• **Given records**:
● ● ● ● ●

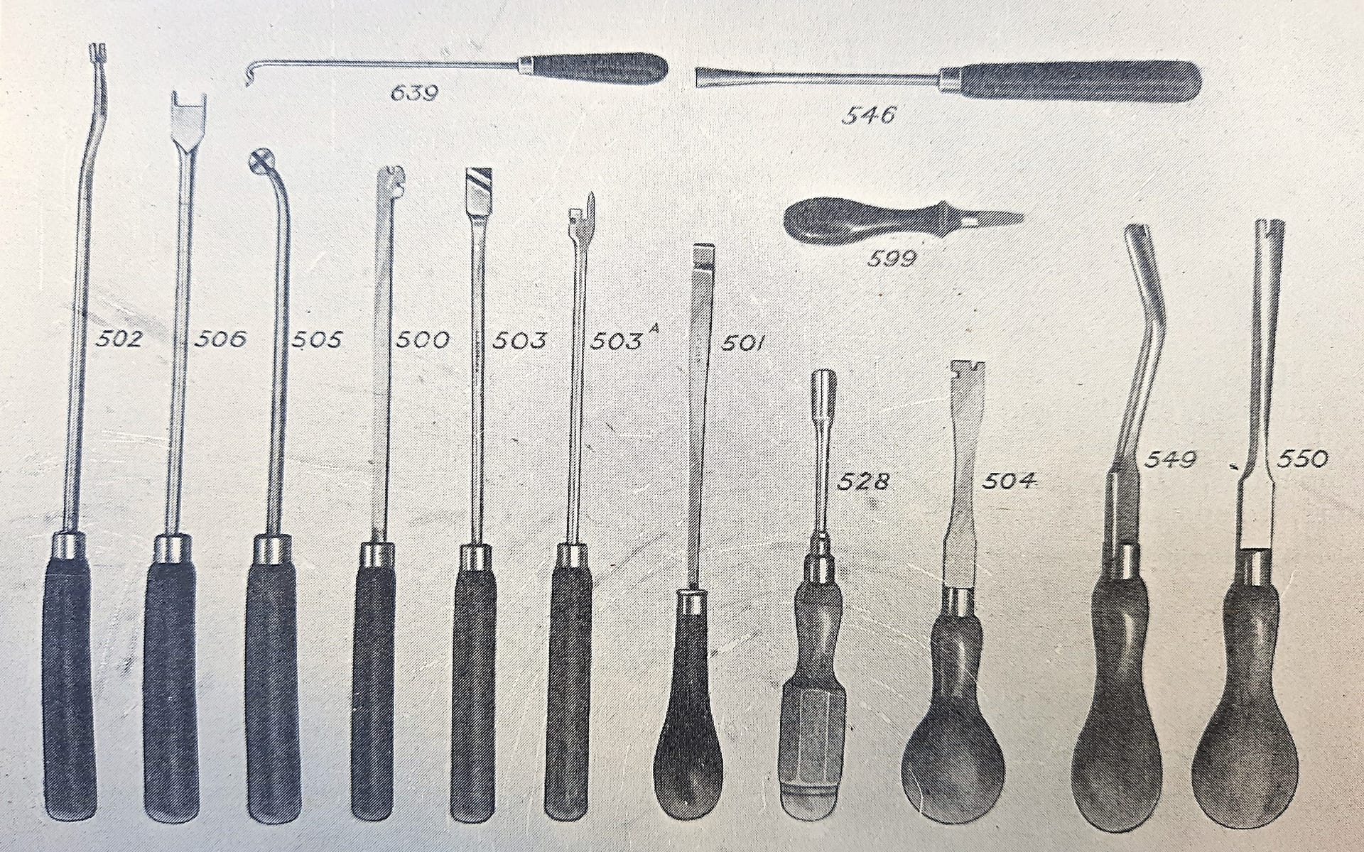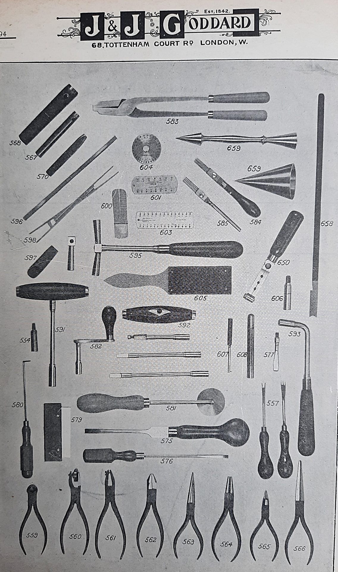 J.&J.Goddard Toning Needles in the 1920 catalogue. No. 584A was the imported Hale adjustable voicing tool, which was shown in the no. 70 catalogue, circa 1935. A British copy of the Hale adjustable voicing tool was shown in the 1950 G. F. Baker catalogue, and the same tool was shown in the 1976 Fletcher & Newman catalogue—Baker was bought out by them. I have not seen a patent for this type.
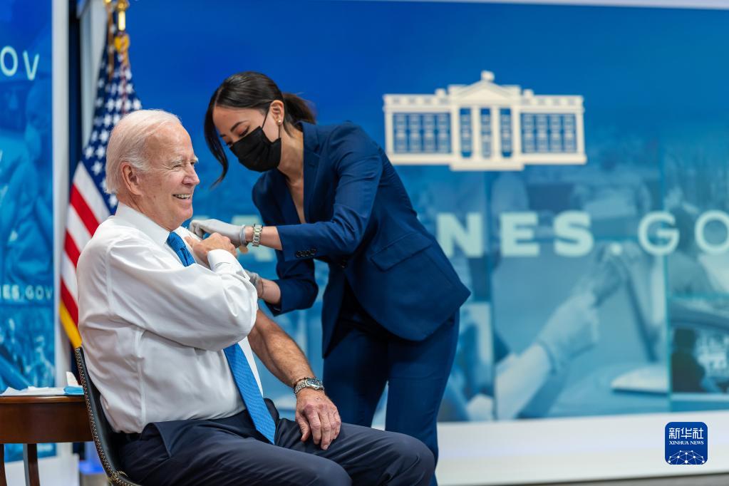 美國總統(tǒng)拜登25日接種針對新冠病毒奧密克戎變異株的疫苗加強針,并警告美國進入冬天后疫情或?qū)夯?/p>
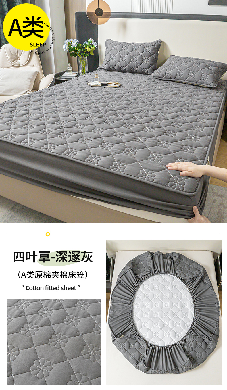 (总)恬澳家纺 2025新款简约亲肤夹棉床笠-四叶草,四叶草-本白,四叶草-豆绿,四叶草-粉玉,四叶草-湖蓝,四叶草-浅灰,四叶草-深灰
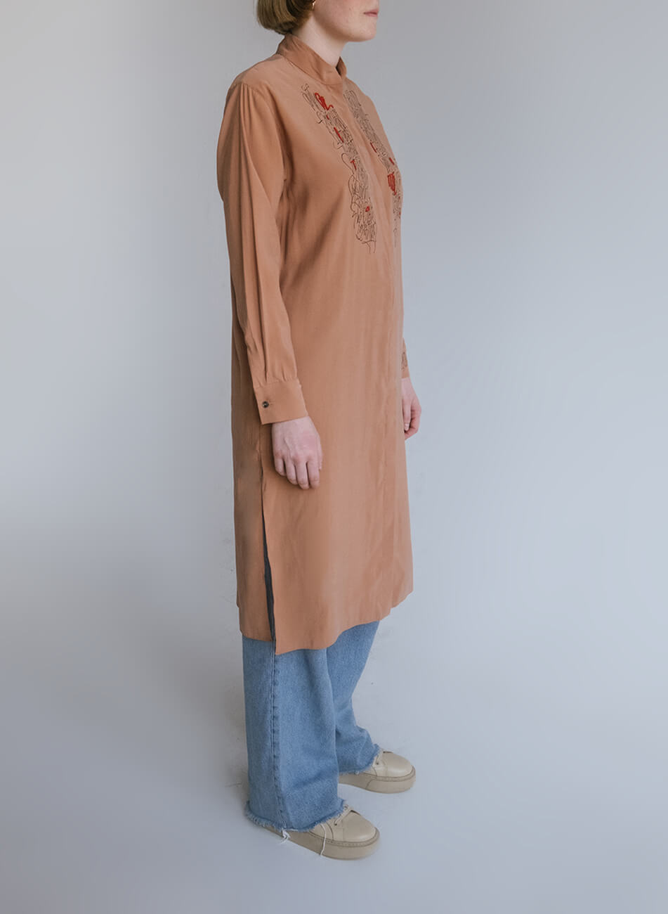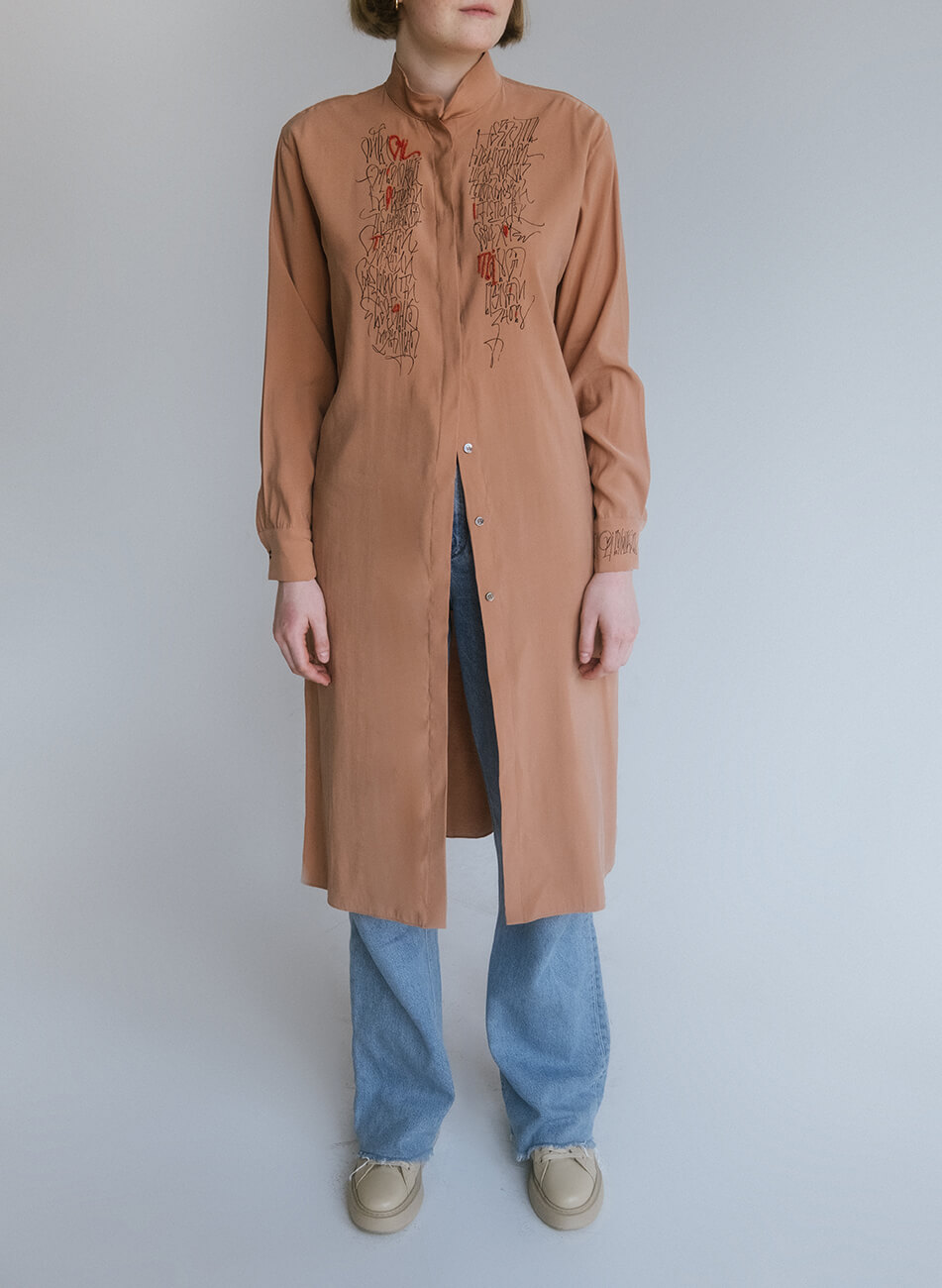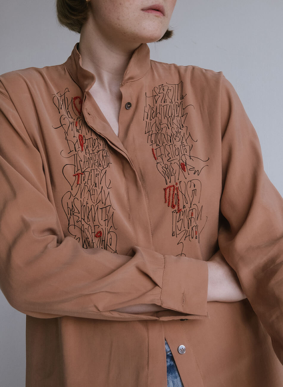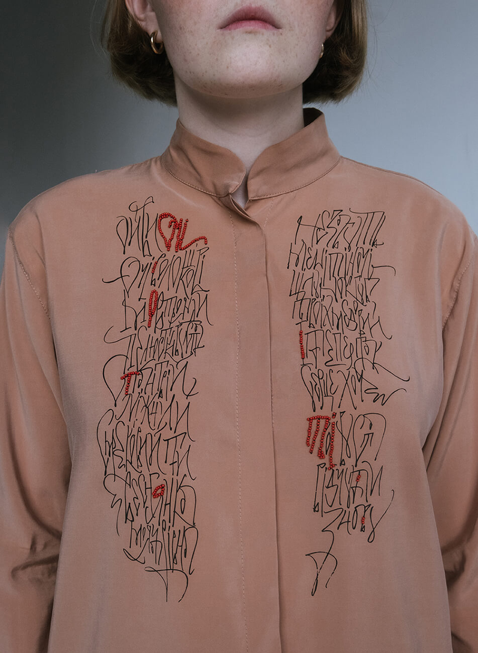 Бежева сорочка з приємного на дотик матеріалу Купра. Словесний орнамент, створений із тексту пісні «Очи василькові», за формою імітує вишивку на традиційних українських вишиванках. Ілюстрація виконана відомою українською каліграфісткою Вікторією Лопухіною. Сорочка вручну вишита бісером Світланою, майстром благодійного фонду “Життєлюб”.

● ● ● ● ●

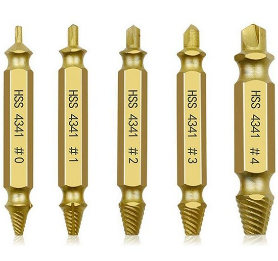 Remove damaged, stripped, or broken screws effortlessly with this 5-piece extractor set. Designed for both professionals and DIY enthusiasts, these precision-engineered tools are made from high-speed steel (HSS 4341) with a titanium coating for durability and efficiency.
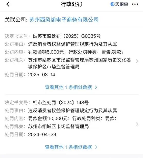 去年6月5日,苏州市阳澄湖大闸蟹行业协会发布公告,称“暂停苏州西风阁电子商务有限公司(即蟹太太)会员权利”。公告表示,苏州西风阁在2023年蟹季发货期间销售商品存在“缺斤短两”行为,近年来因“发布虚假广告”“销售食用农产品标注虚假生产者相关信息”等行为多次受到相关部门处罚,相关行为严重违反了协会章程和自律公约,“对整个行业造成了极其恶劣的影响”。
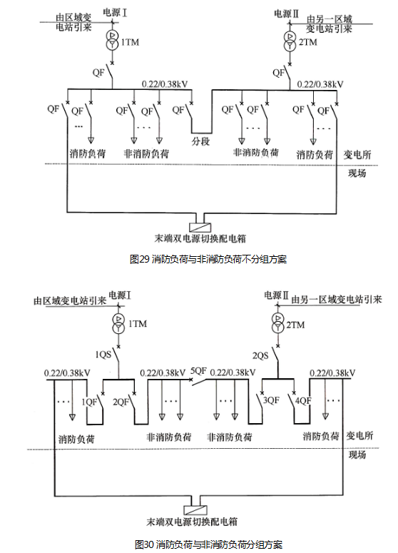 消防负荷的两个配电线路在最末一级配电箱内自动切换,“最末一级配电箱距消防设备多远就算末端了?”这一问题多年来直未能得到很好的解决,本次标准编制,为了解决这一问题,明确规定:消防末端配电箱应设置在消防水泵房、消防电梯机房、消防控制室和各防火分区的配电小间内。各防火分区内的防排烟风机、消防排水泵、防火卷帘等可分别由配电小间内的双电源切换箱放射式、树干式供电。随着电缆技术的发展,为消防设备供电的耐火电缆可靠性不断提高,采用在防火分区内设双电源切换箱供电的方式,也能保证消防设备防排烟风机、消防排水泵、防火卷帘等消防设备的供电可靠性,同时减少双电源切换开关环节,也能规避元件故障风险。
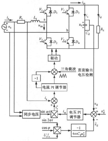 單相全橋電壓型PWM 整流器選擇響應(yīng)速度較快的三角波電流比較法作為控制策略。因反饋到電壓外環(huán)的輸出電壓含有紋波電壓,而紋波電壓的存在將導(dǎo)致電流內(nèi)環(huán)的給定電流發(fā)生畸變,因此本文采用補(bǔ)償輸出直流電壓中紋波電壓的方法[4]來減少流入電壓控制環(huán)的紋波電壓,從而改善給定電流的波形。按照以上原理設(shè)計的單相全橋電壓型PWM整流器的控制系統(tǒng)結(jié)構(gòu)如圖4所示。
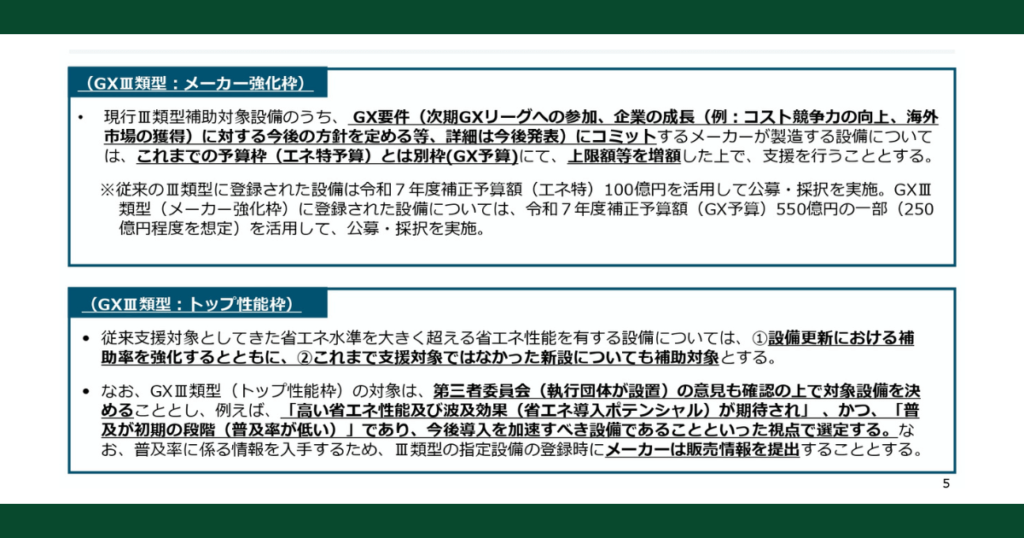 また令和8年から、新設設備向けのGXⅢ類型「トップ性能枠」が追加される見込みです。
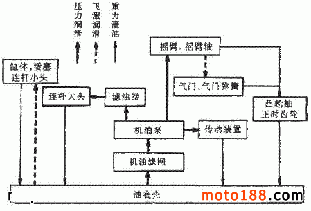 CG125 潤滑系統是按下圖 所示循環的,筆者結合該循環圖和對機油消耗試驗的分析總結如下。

● ● ● ● ●

• **Exercise brief**:
From the entries above, copy exactly the lines starting at the one with "消防负荷的两个配电线路在最末" and stopping at the one with "CG125 潤滑系統是按下圖 所示循環的,筆者結合該循環圖和對機油消耗試驗的分析總結如下。", keeping both ends. Drop the pictures.

• **Response for this exercise**:
 消防负荷的两个配电线路在最末一级配电箱内自动切换,“最末一级配电箱距消防设备多远就算末端了?”这一问题多年来直未能得到很好的解决,本次标准编制,为了解决这一问题,明确规定:消防末端配电箱应设置在消防水泵房、消防电梯机房、消防控制室和各防火分区的配电小间内。各防火分区内的防排烟风机、消防排水泵、防火卷帘等可分别由配电小间内的双电源切换箱放射式、树干式供电。随着电缆技术的发展,为消防设备供电的耐火电缆可靠性不断提高,采用在防火分区内设双电源切换箱供电的方式,也能保证消防设备防排烟风机、消防排水泵、防火卷帘等消防设备的供电可靠性,同时减少双电源切换开关环节,也能规避元件故障风险。
 單相全橋電壓型PWM 整流器選擇響應(yīng)速度較快的三角波電流比較法作為控制策略。因反饋到電壓外環(huán)的輸出電壓含有紋波電壓,而紋波電壓的存在將導(dǎo)致電流內(nèi)環(huán)的給定電流發(fā)生畸變,因此本文采用補(bǔ)償輸出直流電壓中紋波電壓的方法[4]來減少流入電壓控制環(huán)的紋波電壓,從而改善給定電流的波形。按照以上原理設(shè)計的單相全橋電壓型PWM整流器的控制系統(tǒng)結(jié)構(gòu)如圖4所示。
 また令和8年から、新設設備向けのGXⅢ類型「トップ性能枠」が追加される見込みです。
 CG125 潤滑系統是按下圖 所示循環的,筆者結合該循環圖和對機油消耗試驗的分析總結如下。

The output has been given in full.